Repeat the records exactly, with one exception: no images.

******************************

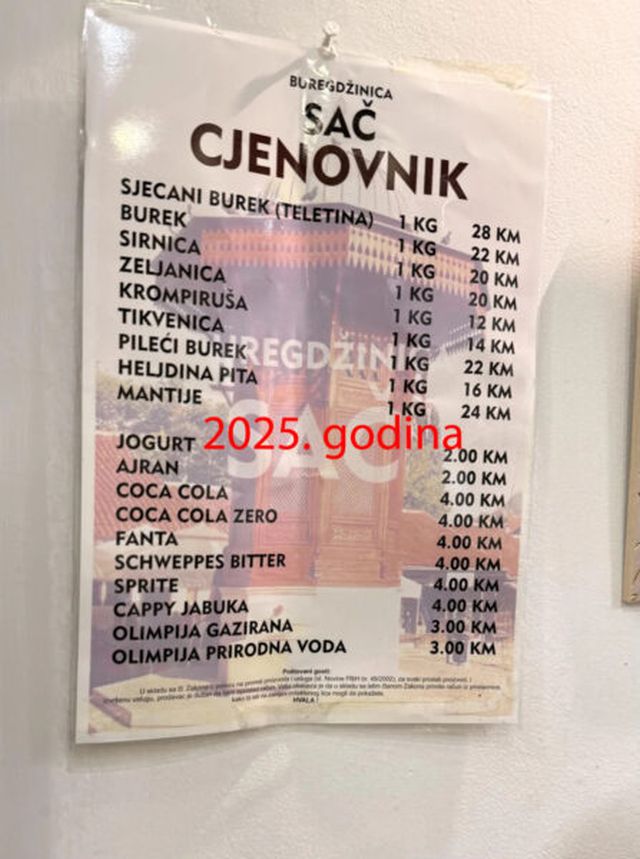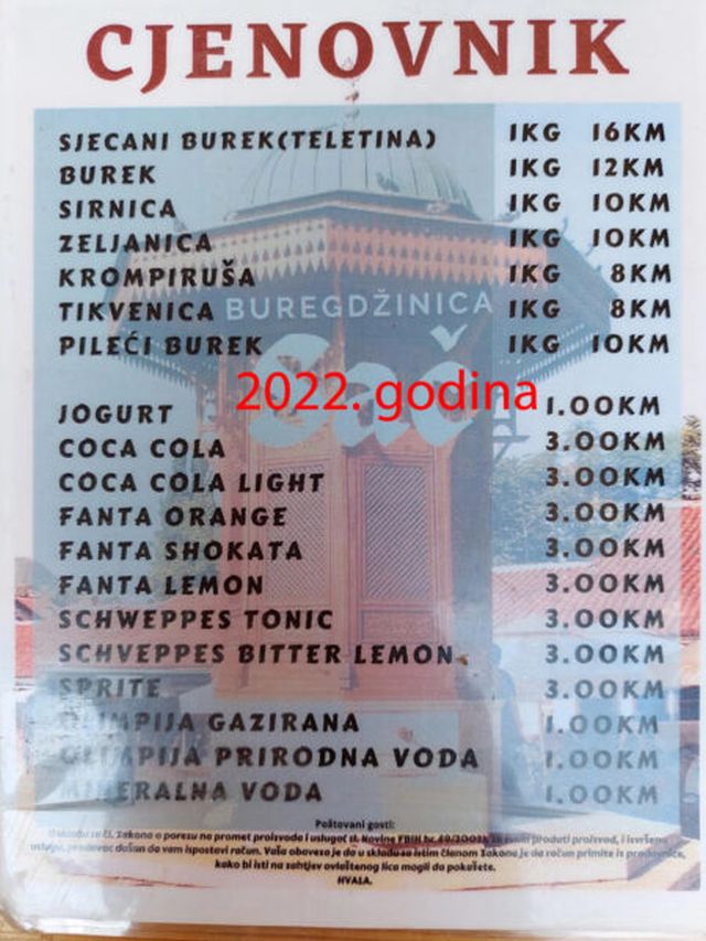 Zanimljivo, čitatelji su postavili i meni iste buregdžinice koji je iz 2022. godine. Na njemu se najbolje vidi drastičan skok cijena. 2022. godine je kilogram sjecanog bureka bila 16 KM, bureka 12 KM, sirnice i zeljanice 10 KM, krompiruše 8 KM…
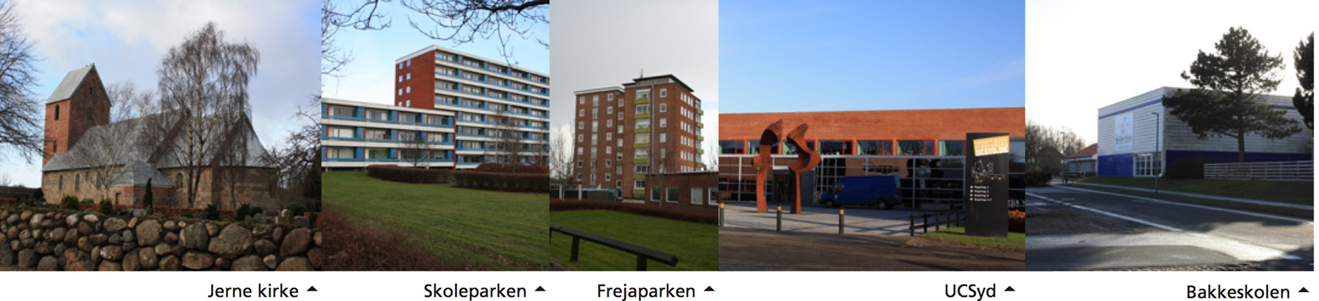 Endelig fungerer de to institutionsbyggerier Bakkeskolen Cosmos og UC Syd som pejlemærker både via deres omfang og funktion. I det østlige område findes Novrup Kapel som et kendt pejlemærke.
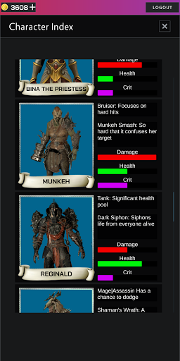 * Purchase new character with in-game currency
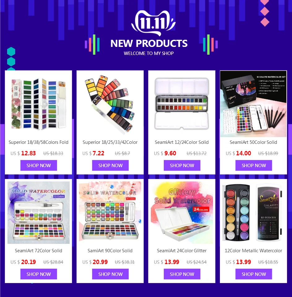 SeamiArt 50/72 Вт/90 Цвет Твердые акварельные краски в наборе Цвет Набор для рисования Портативный дорожная из металла с защитной коробкой водяного Цвет для татуажа, пигмент для мануального татуажа начинающих живопись воды Цвет Бумага художественная краска расходные материалы
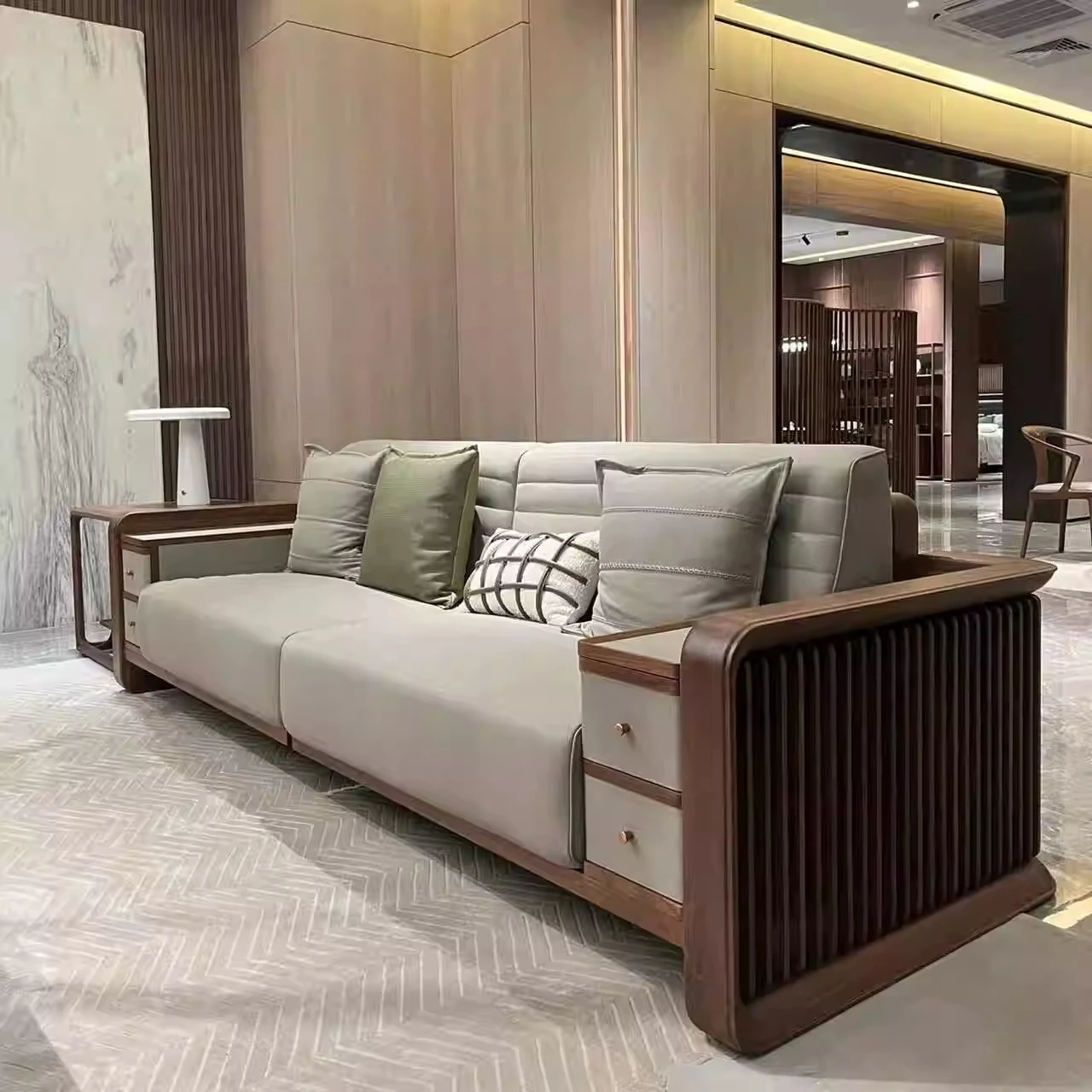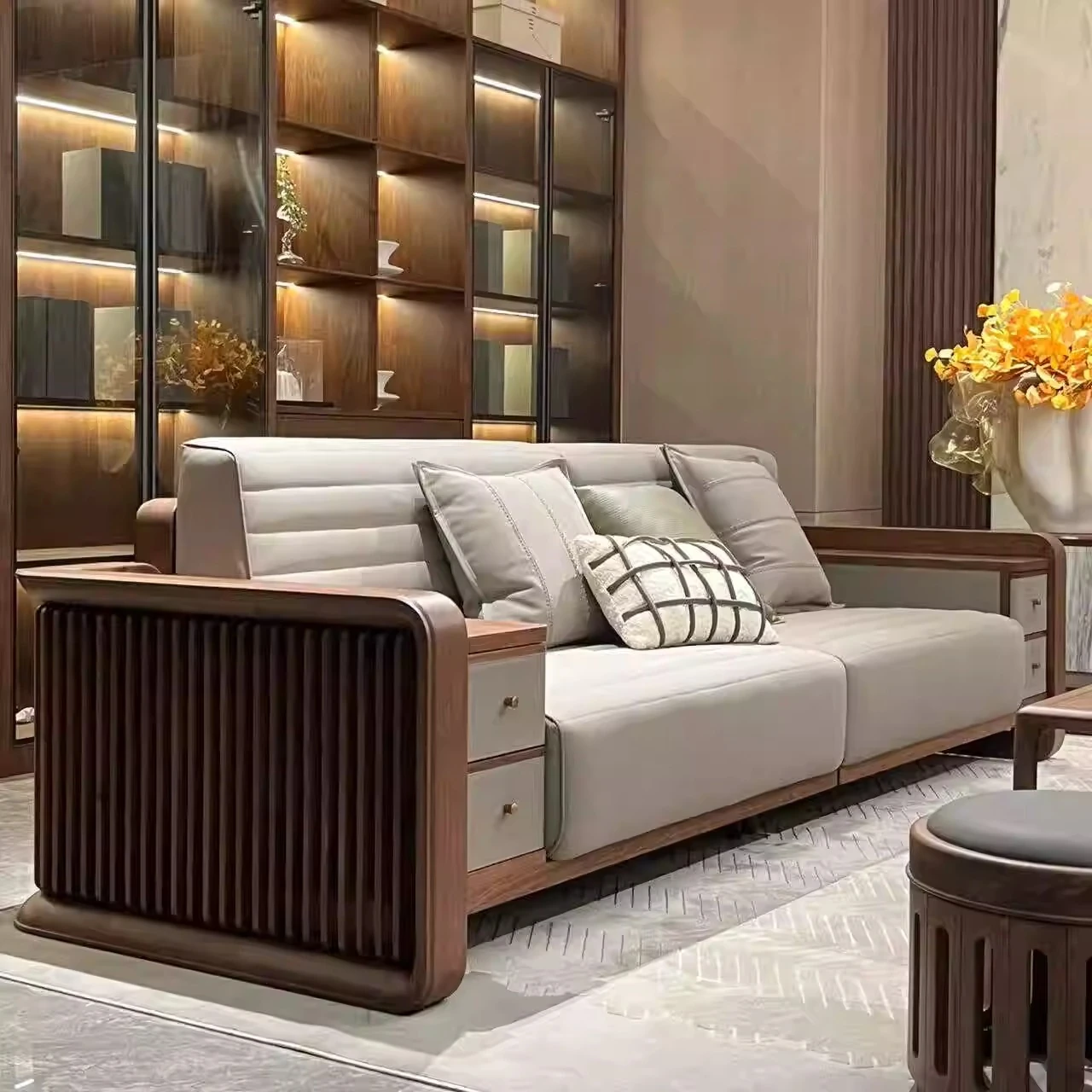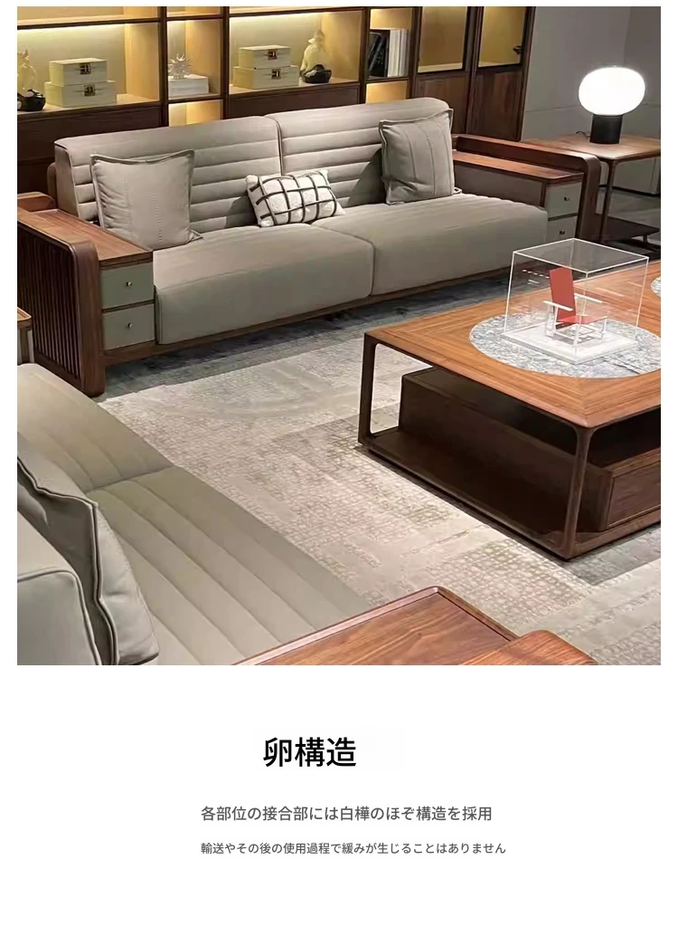 新中式禅風 ブラックウォルナットとホワイトアッシュのソファとテーブルセット - リラックスできる空間を演出する高級感あふれる実木家具、ホテルや民宿、オフィスにも最適です。

******************************

**Task result:**
 Zanimljivo, čitatelji su postavili i meni iste buregdžinice koji je iz 2022. godine. Na njemu se najbolje vidi drastičan skok cijena. 2022. godine je kilogram sjecanog bureka bila 16 KM, bureka 12 KM, sirnice i zeljanice 10 KM, krompiruše 8 KM…
 Endelig fungerer de to institutionsbyggerier Bakkeskolen Cosmos og UC Syd som pejlemærker både via deres omfang og funktion. I det østlige område findes Novrup Kapel som et kendt pejlemærke.
 * Purchase new character with in-game currency
 SeamiArt 50/72 Вт/90 Цвет Твердые акварельные краски в наборе Цвет Набор для рисования Портативный дорожная из металла с защитной коробкой водяного Цвет для татуажа, пигмент для мануального татуажа начинающих живопись воды Цвет Бумага художественная краска расходные материалы
 新中式禅風 ブラックウォルナットとホワイトアッシュのソファとテーブルセット - リラックスできる空間を演出する高級感あふれる実木家具、ホテルや民宿、オフィスにも最適です。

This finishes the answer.